Fruit set and quality responses to artificial spur extinction in planar cordon sweet cherry trees

J. Stanley, C. Scofield, M. Schurmann, R. Marshall, M. Wohlers, D.S. Tustin
New planar cordon planting systems of sweet cherry trees (Prunus avium) in closely planted rows (1.5 or 2 m apart) have been designed with the aim of increasing orchard light interception and at least doubling productivity, whilst maintaining high fruit quality. Artificial spur extinction (ASE) is a crop management tool that uses hand-thinning of whole buds and alters floral bud distribution. A trial was established using narrow-row planar cordon ‘Sweetheart’, ‘Lapins’ and ‘Staccato’ cherry trees, to determine whether ASE may be a potential tool for controlling fruit yield, size and quality in this new system. In February 2017, every second bud on two- and three-year-old sections of upright fruiting shoots was removed from replicate whole trees of ASE treatments. Non-ASE treated trees with no bud modification were controls. Flower numbers were estimated on two tagged upright shoots tree‑1 in September 2017 and branch cross-sectional area (BCA) at the shoot base was calculated.

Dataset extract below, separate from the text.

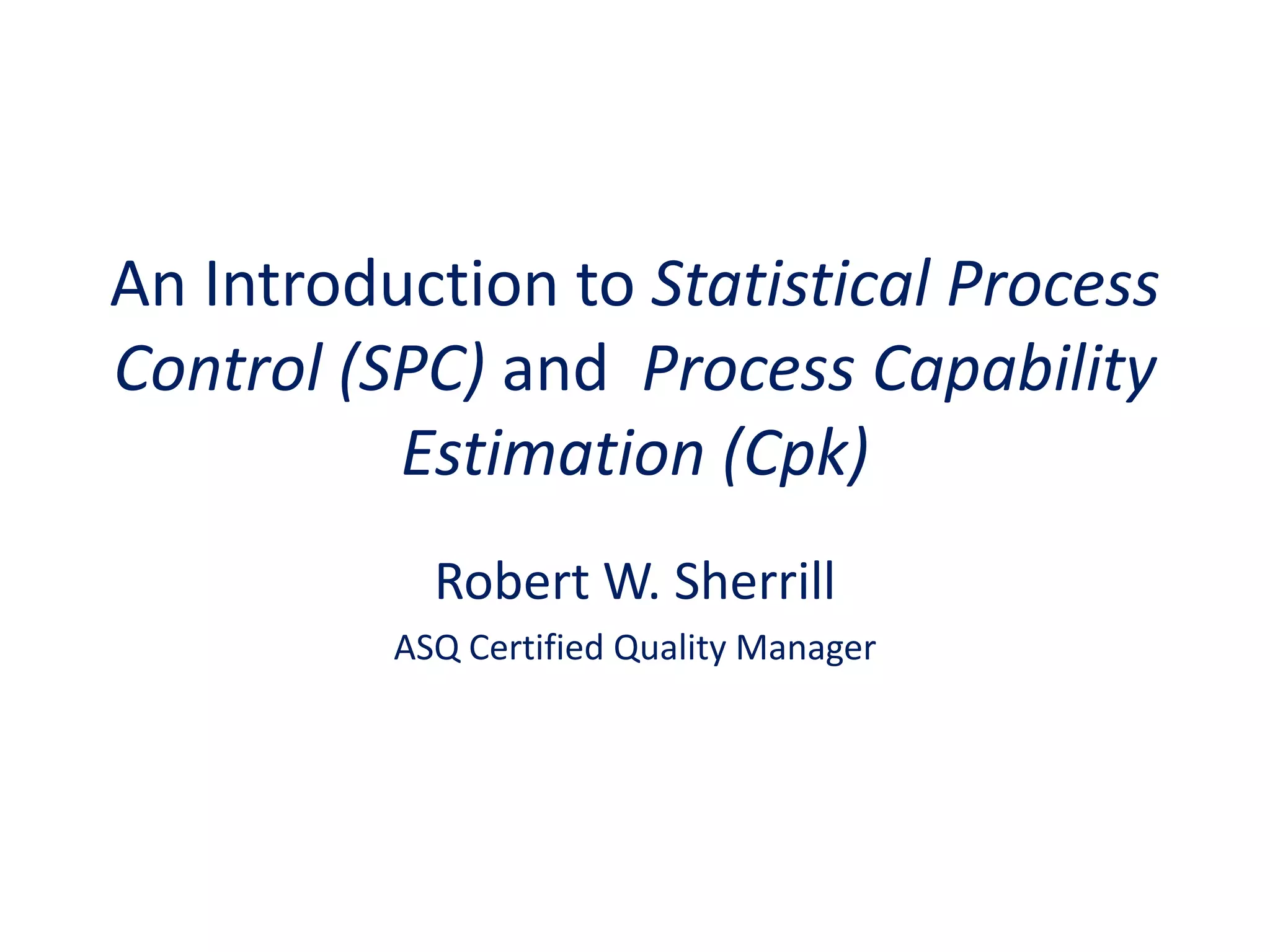 This document provides an introduction to statistical process control (SPC) and process capability estimation (Cpk). It outlines the key training objectives which are to understand SPC theory and how to apply it as a process control tool. It also introduces the typical control charts used in manufacturing industries and demonstrates how to generate these charts using MINITAB software. Finally, it reviews some basic SPC concepts like control limits, common vs special causes of variation, and different types of control charts.

Fruit set was calculated from fruit counts made in November 2017 and yields measured at harvest in January 2018. Fruit diameter and soluble solids concentrations (SSC) were measured on a sub-sample. ASE-treated tagged shoots had significantly lower buds numbers cm‑2 BCA than on those from control trees for ‘Staccato’ but there was no difference for ‘Sweetheart’ or ‘Lapins’, possibly due to variability in BCA. This resulted in lower fruit weight cm‑2 BCA on tagged shoots in the ASE treatment for ‘Staccato’ only. Fruit diameters were similar from ASE and control trees, but SSC was 1% higher in fruit from ASE trees, although non-significant. Tagged shoots on trees at 1.5 m spacing had fewer buds, fewer flowers, fewer fruit and lower total fruit weight cm‑2 BCA than those at 2.0 m spacing. Future trials should be established by setting bud numbers cm‑2 BCA rather than reducing the proportion of buds.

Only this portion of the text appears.